A collapsing dollar and China’s monetary strategy, by Alasdair Macleod

It’s not currently in China’s interest to destroy the dollar (US authorities are doing a fine job of that on their own) but when the final destruction occurs, a Chinese gold-backed yuan could supplant the dollar as the world’s reserve currency. From Alasdair Macleod at goldmoney.com:

This article describes how China can escape the fate of a dollar collapse by tying the yuan to gold. There is little doubt she has access to sufficient gold. Currently, her interest is to preserve the dollar, not destroy it, because it is the principal means of Chinese foreign interests being secured .

Furthermore, a return to sound money requires China to reverse its interventionism under Xi, returning to Deng Xiaoping’s original vision. Sound money can only last if the relationship between the state and the wider economy is properly addressed.
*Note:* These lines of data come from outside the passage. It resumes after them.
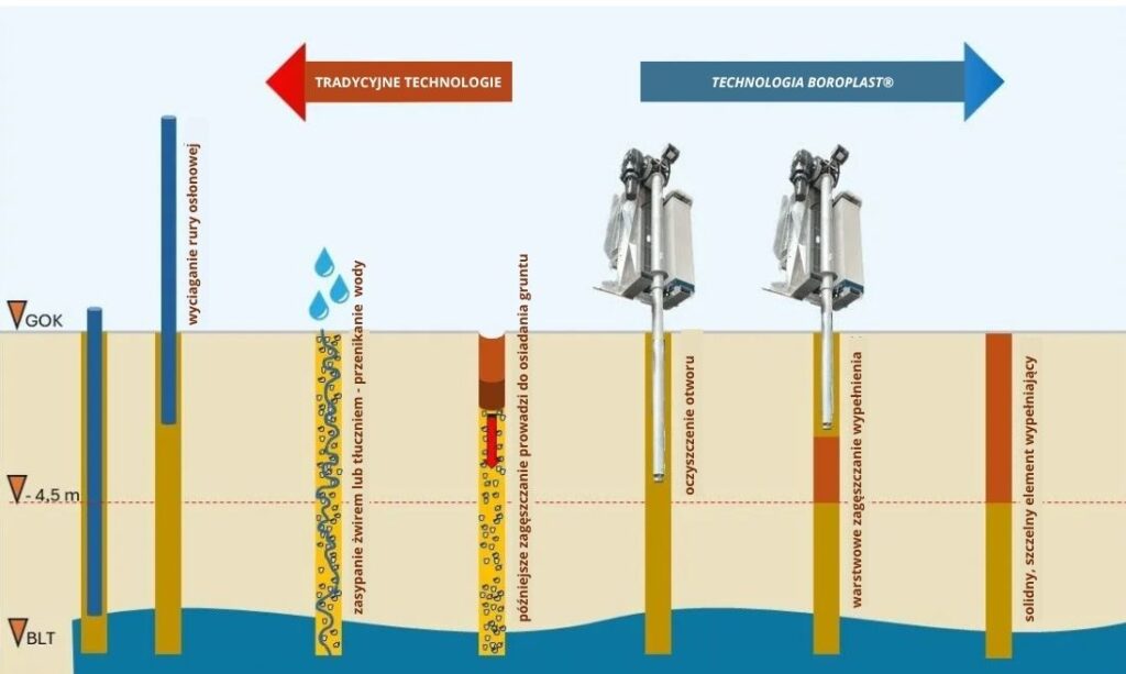 W technologii BOROPLAST®  otwór po sondowaniu jest przygotowywany do wypełnia. Specjalny, innowacyjny materiał uszczelniający BOROPLAST®  wsypywany jest warstwami i mechanicznie zagęszczany przy pomocy ubijaka. Efektem jest trwałe, gęste i szczelne wypełnienie otworu – stabilne i odporne na przenikanie wody.
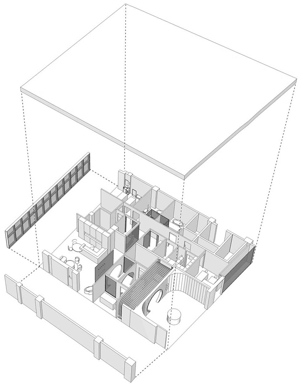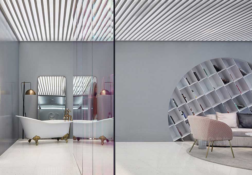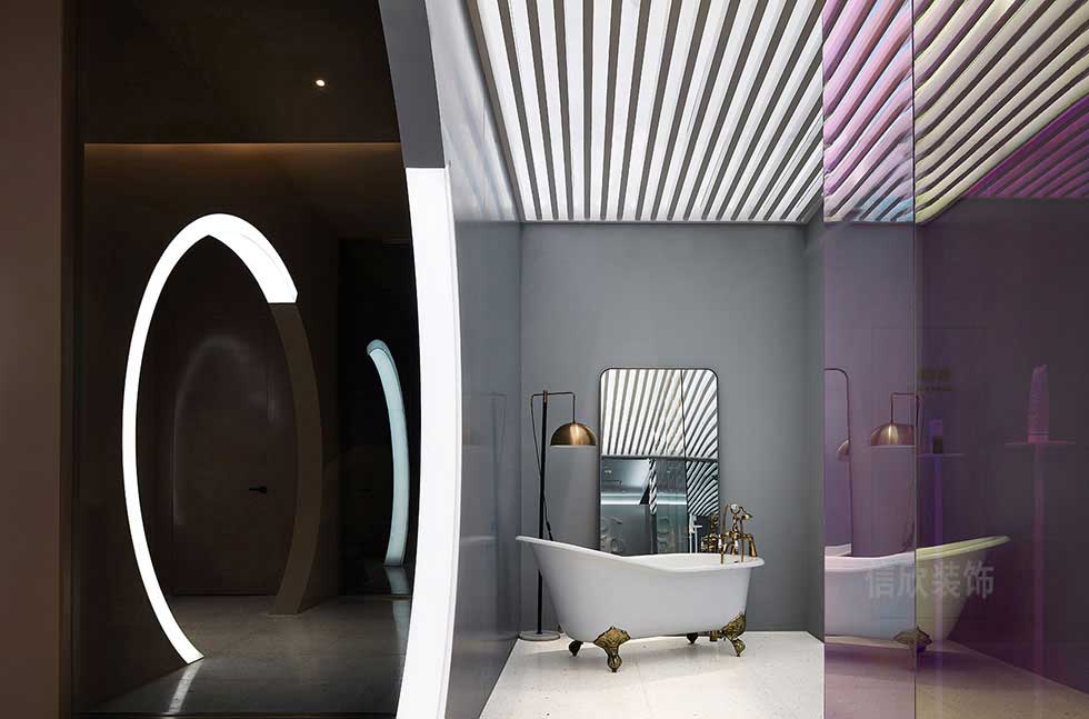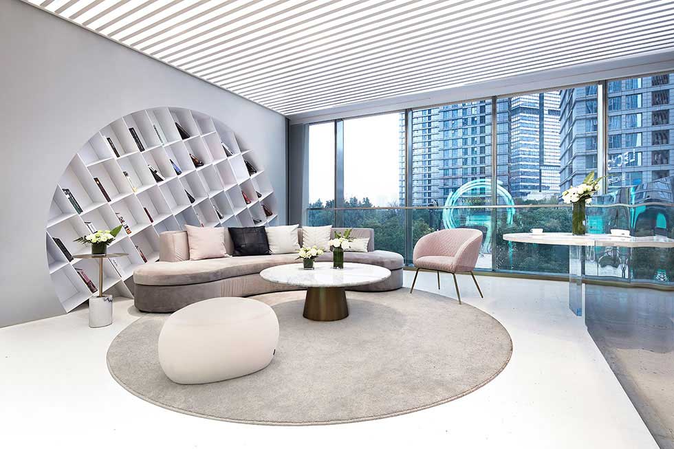 入口通過創造景深將視覺導入到空間,入口產品展示大廳,大面積白色與弧形門洞相疊加,穿梭進入旋轉光圈的弧形門洞,仿佛物質經過時間和空間的流轉而產生內在變化,猶如置身于一條通往美與蛻變的“時光隧道”, 留給人無限的想象與神秘感。空間以近乎純白色調擴容視覺,通過光影、材料、線條的相互關聯,體現多樣變化,同時將優雅和專業的雙重屬性賦予LE CYGNE。
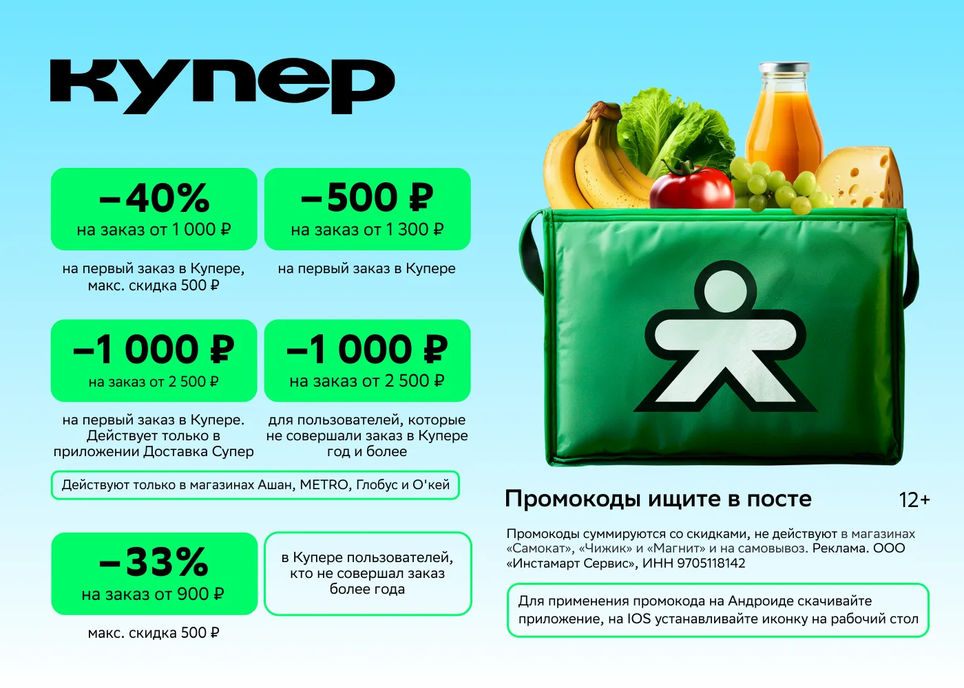 ✔️ pfo3j1erh - Скидка 40% на первый заказ в Купере от 1 000 ₽. (Максимально 500 ₽).

Of all the major economies, China’s is best placed to implement a sound money solution. At the moment it seems unlikely the necessary reforms will be forthcoming; but a general collapse of the global fiat currency regime presents the opportunity for reassessment and change.

Introduction

In last week’s Insight I examined the position of the US dollar, given the Fed’s current monetary policies, and concluded that the Fed’s dollar is likely to become valueless by the end of this year. The consequences for other major currencies — the euro, yen and pound — are that they are likely to fall with the dollar. This is because they adopt the same monetary policies, the same macroeconomic fallacies, and through the Bank for International Settlements, G7 and G20 meetings agree to continue to be bound by common policies. While the intention is for all to survive by working together, instead it ensures that they all sink together.